Простите, я перебью вас: а тогда, в пятидесятые, Аронзон уже воспринимался как поэт или это просто был старший знакомый?

Я знала, что он пишет, но кто тогда не писал? Все ходили в ЛИТО к Глебу Семенову, все считали, что они пишут лучше всех. Ося Бродский часто читал, Дима Бобышев, Женя Рейн, Толя Найман - вот они в моих глазах тогда были поэтами. Скоро я узнала, что Леня тоже поэт, но особого внимания не обратила на это, потому что был он человек наглый, рыжий, хулиганистый и относиться к нему серьезно было совершенно невозможно. В первый раз я была потрясена его стихами у той же Наташи Рубинштейн, которая жила на жутком шестом этаже на улице Чехова, куда Рите было очень трудно добираться . Леня тогда читал, и понять его было затруднительно, потому что ни одна буква не произносилась правильно, все было картаво, - но обжигал. Я помню, что тогда я впервые услышала «Каждый легок и мал...» и заплакала от первой же строчки. Я даже сейчас не могу без слез это вспоминать. Он много тогда читал - и «Послание в лечебницу» тоже. Я все говорила: «Текст покажи, текст покажи». Я слышала отдельные строчки, которые меня просто пронзили, но я хотела весь текст... Мы с Леней вышли на площадку покурить, у Наташи было нельзя, и Леня сказал: «Погадай!» Я взяла его руку и говорю: «Леня, я не знаю, как тебе это сказать, но твое творчество резко обрывается. Вообще-то все резко обрывается, и очень скоро». Он говорит: «Что, это смерть?» Я говорю: «Я не знаю, смерть ли это, но на руке все очень резко и очень скоро обрывается». Рита записала это где-то в дневнике. И через три месяца Лени не стало. Так что это, очевидно, был 1970 год...
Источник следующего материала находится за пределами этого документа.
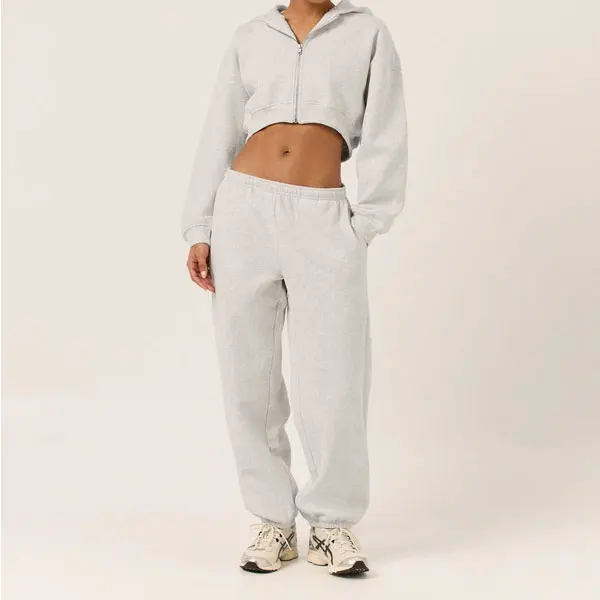OEM and OEM High Quality Cotton Heavyweight Two Piece Jacket Crop Top and Pant Women Workout Outfit Oversize Zip up Tracksuit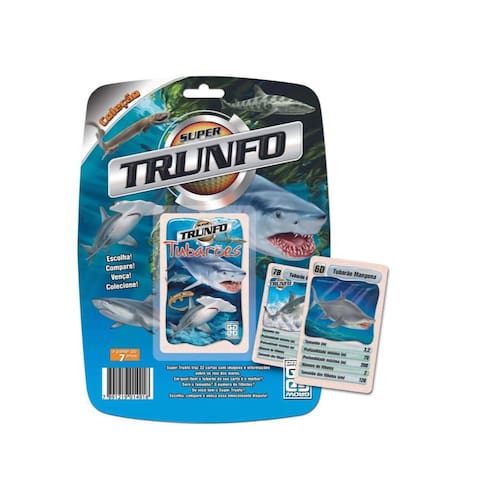 Jogo Trunfo Grow Tubarões Super Trunfo Tubarões traz 32 cartas com ilustrações e informações sobre os reis dos mares. Em qual item o tubarão da sua carta é o melhor Será em tamanho Em número de filhotes Ou você tem o Super Trunfo Escolha, compare e vença essa emocionante disputa Número de jogadores: 2 a 8 Idade: - 8 a 11 anos Idade recomendada A partir de 7 anos Conteúdo da embalagem - Jogo Trunfo Grow Tubarões 01491 Observações Foto meramente ilustrativa Garantia 3 meses contra defeito de fabricação Inmetro 003817/2019 CE/BRI/ICEPEX - N 01264-25 OCP 0046 Ean: 7908010114911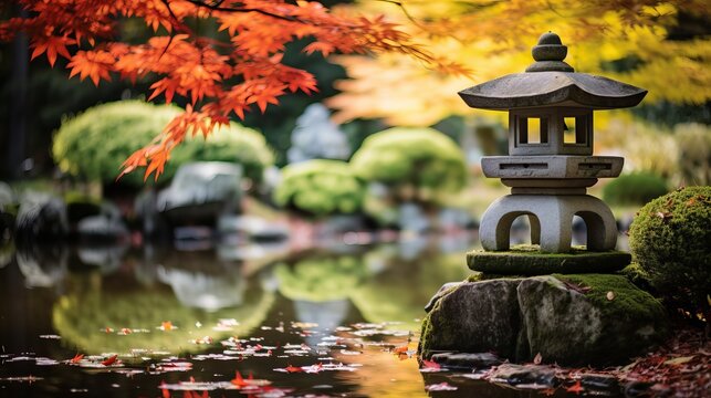 Horizontal Garden view of the Meigetsuin Temple, Yamanouchi, Kamakura, Kanagawa, Japan

Тогда, у Наташи, я и поняла, что Леня для меня поэт, а Бродский не очень. Саша Межиров мне как-то сказал такую фразу: «Я не поэт, но я пишу стихи». Я говорю: «Саша, какой вы молодец, вот Бродский так никогда бы не сказал». Потому что, на мой взгляд - на мой тогдашний взгляд, - Бродский писал стихи, но поэтом не был. Поэтом был для меня Леня, потом Лена Шварц и Кривулин тоже... Конечно, мы любили Бродского, особенно как он читал, в этом была какая-то магия. Эти завывания, сокращения интервалов между строчками... Как музыкант я считала, что это замечательный талант. Но он пишет стихи, а Леня поэт.

- Мне всегда было интересно, что Бродский нигде и никогда не упоминал Аронзона.
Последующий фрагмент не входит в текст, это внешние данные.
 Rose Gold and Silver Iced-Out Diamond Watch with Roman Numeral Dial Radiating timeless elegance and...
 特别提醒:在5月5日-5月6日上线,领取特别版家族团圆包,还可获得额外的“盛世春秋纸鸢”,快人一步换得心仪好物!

А чего его упоминать? Конечно, Ося прекрасно знал его стихи, как знал и то, что ему в этот поэтический мир - «Но листьев, листьев шум откуда?» - никогда не войти. При этом я не хочу сказать, что Бродский бяка. Это поразительный талант в сочетании слов, созвучий, но это все слова про эту жизнь, понимаете? У меня о них был постоянный спор с Давидом Яковлевичем Даром, уже в Иерусалиме, до самой его смерти, до последнего дня. Он очень сердился, когда я говорила, что настоящая поэзия - это Аронзон, и кричал: «Да что вы понимаете? Бродский - огромный поэт!» Да, конечно, но...

Как вы считаете, невозможность печататься угнетала Аронзона? Он ведь пытался пробиться. Или он чувствовал себя комфортно в неофициальном кругу?

Все это было очень больно, и официальные отказы его ранили. Я возила его стихи Межирову, но Саша, совсем ведь неплохой поэт и человек неплохой, обожавший поэзию, не заикавшийся, только когда читал стихи - а читать мог часов пять-шесть, не повторяясь, - сказал: «Слушай, но он ведь русского языка не знает. Он же делает грамматические ошибки». Я говорю: «Саша, но позвольте, это же поэтический ход». Но Саша совсем не был в восторге от Лениных стихов, не услышал, как и Женя Евтушенко. Это и неудивительно: с одной стороны, «Артиллерия бьет по своим» или «Как ни крутите, ни вертите, существовала Нефертити», а с другой - «На небе молодые небеса...» А вот Давиду Самойлову очень понравилось, но он не мог сделать ни-че-го. Абсолютно. А так Леня читал в Кафе поэтов и вообще старался читать где только можно.

- Ему важен был отклик?

Исключительно важен. Чтобы он тебя полюбил, надо было сказать: «Леня, ты гений». Человек он был доверчивый, очень эмоциональный и на женщин зажигался, как спичка. Например, стихотворение «Неушто кто-то смеет Вас обнять...» посвящено не Рите (что ее просто бесило), а Римме Городинской, она потом вышла замуж за Лешу Хвостенко. Она была большая красавица, причем иностранного, шикарного типа: зажигалка, весь антураж восхитительный. Но Рита была Лениной абсолютной музой, и он безумно ее любил при всей сложности отношений.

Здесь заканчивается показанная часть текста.